Книга Дольче агония / Dolce Agonia, страница 22. Автор книги Нэнси Хьюстон

Разделитель для чтения книг в онлайн библиотеке

Онлайн книга «Дольче агония / Dolce Agonia»

Cтраница 22

Брайан и Хэл прыскают со смеху.

— Мне было девять лет, когда умер мой отец, — заявляет Шон. — Я никому не позволю насмехаться над впечатлительностью девятилетнего ребенка.

— Он говорит, — продолжает Патриция, — что у него никак не получается поверить, будто это и есть его настоящая жизнь. Говорит, что всякая вещь, которую он видит, разрывает ему сердце, напоминая, как он смотрел на нее в другой раз, «когда был счастливым». Прошлым летом он отказался потрать в бадминтон в августе, потому что это ему будет напоминать игры в июле. «Счастья не получится, — сказал он, — выйдет путешествие туда, где было счастье». А на прошлой неделе, когда до него дошло, что ему уже не надо взбираться на табурет, чтобы достать из стенного шкафа стакан, он почувствовал себя опустошенным. Он говорит, что ему послышался тихий голос, который звучал в его голове и все твердил: «Больше никогда».

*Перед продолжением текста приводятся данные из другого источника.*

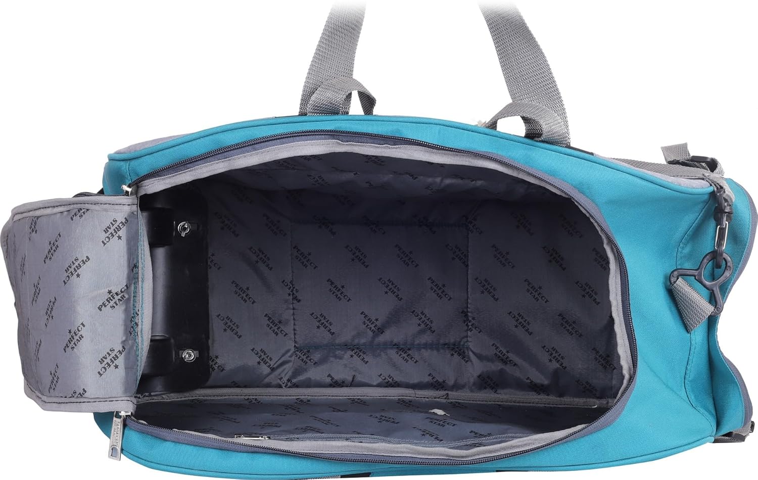 This travel bag, a medium and sophisticated travel duffle trolley bag is handcrafted from high-quality water-resistant polyester. The bag offers a high storage capacity and 2 wheel trolley system makes the travel easier. Padded handles give comfort and mobility to the bag user. Multi-pocket spacious bag to fit in all essentials accompanied by adjustable and detachable shoulder strap for more comfort.Spacious Big Compatrmnet, both side pockets for easy access, front big pocket, inside big pocket, Adjustable Shoulder Strap
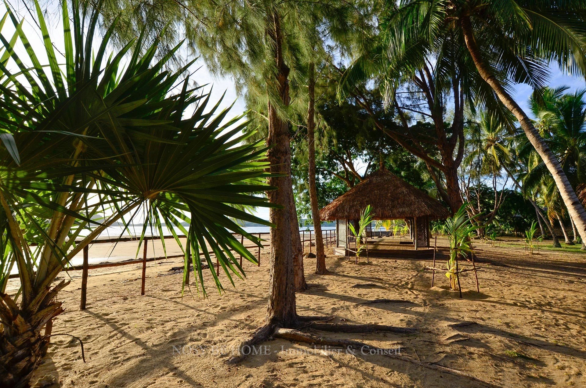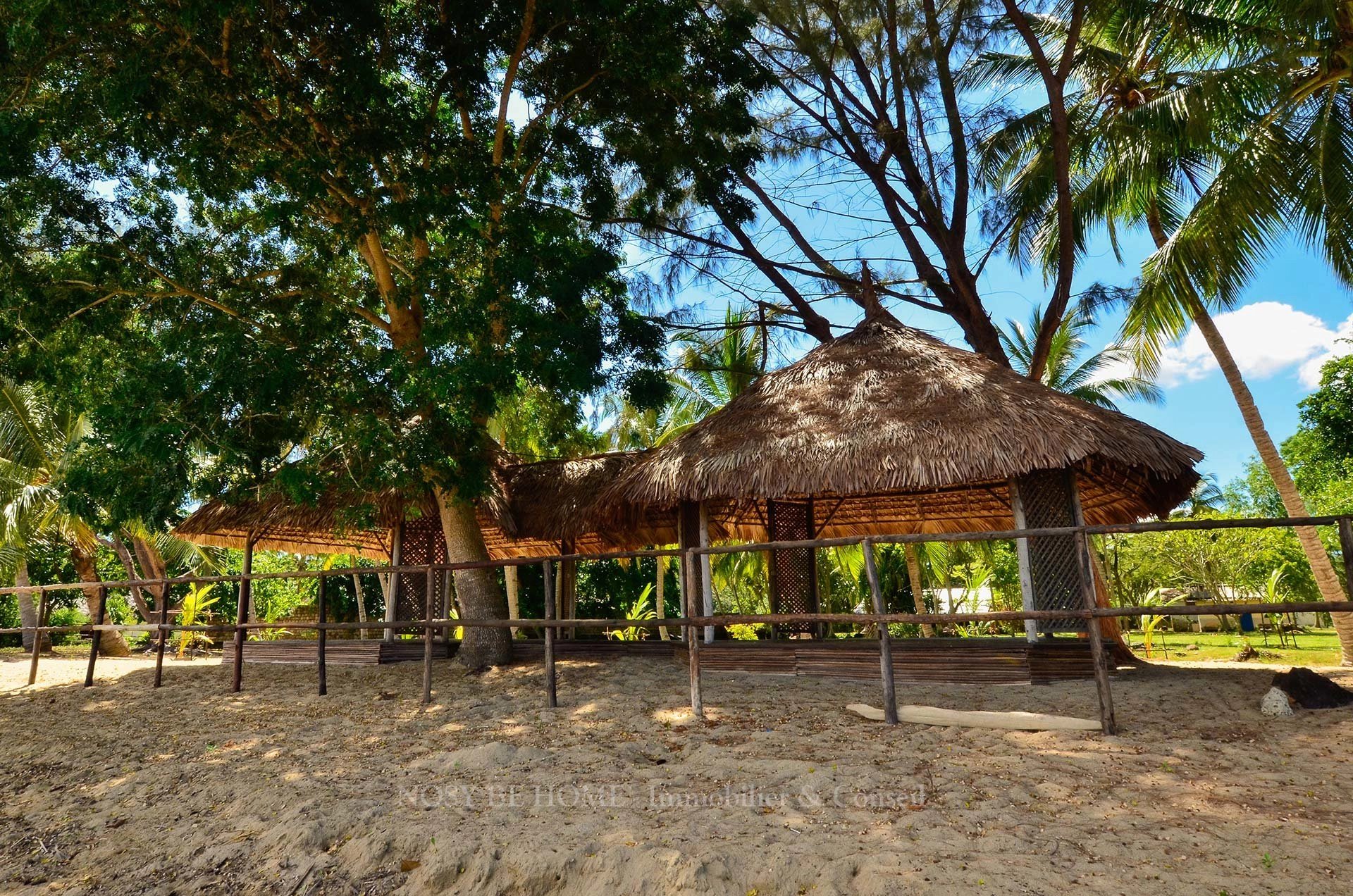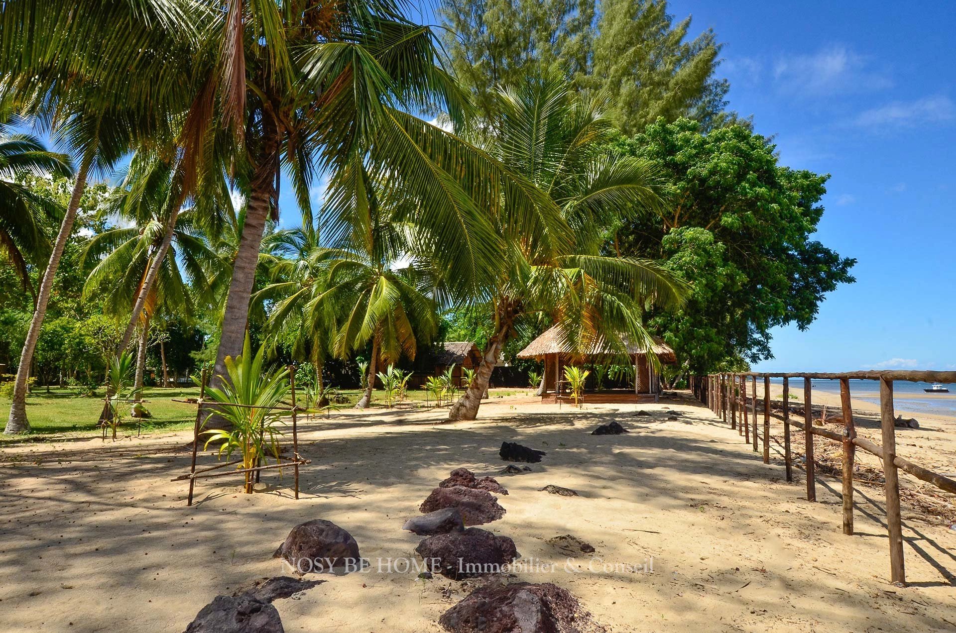 Le site comprend un magnifique parc complanté de nombreuses espèces tropicales endémiques, une cocoteraie sur plage privée, 1 maison et 3 bungalows à rafraichir.

— Невероятно! — пробормотал Шон. — Чтобы прийти к этому, Эдгар По ухлопал тридцать шесть лет.

— Я тут на днях наткнулась на фотографию девятилетней Элис, — сказала Кэти. — Это наша старшая дочь, — пояснила она, глянув на Чарльза. — Фото на библиотечной карточке. Она там, как живая: волосы всклокочены, на зубах скобки, улыбка такая беззаботная… лицо существа, которого больше нет.

А я думал, они сына потеряли, сказал себе Чарльз. О трагедии Коротковых он знал понаслышке, из обрывков случайно услышанных разговоров.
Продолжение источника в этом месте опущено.